Records to process section start
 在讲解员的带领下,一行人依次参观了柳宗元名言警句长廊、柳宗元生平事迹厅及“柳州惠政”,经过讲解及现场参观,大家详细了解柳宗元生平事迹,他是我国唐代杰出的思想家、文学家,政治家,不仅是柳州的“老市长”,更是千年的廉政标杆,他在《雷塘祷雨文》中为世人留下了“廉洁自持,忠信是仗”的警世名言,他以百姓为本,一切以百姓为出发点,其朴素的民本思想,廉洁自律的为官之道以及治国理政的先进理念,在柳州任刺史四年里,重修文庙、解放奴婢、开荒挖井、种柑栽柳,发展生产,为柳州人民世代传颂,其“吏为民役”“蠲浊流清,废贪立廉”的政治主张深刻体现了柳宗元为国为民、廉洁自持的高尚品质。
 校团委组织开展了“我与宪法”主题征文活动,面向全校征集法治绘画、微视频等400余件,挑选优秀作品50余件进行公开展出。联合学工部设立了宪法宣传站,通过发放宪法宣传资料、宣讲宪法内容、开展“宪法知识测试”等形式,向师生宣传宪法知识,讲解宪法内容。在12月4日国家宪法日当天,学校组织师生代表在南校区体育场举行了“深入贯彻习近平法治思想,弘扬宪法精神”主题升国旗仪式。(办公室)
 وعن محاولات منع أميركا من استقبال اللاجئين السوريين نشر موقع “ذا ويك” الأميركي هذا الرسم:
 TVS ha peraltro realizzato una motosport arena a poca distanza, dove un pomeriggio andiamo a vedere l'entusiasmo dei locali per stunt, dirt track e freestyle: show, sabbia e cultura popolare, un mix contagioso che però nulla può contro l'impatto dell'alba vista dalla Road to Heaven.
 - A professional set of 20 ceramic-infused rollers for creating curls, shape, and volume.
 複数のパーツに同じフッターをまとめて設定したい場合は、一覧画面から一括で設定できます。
Records to process section end
Transcribe exactly, and only, the lines that extend from the one containing "TVS ha peraltro" to the end of the records above, inclusive of both.

Task response.
 TVS ha peraltro realizzato una motosport arena a poca distanza, dove un pomeriggio andiamo a vedere l'entusiasmo dei locali per stunt, dirt track e freestyle: show, sabbia e cultura popolare, un mix contagioso che però nulla può contro l'impatto dell'alba vista dalla Road to Heaven.
 - A professional set of 20 ceramic-infused rollers for creating curls, shape, and volume.
 複数のパーツに同じフッターをまとめて設定したい場合は、一覧画面から一括で設定できます。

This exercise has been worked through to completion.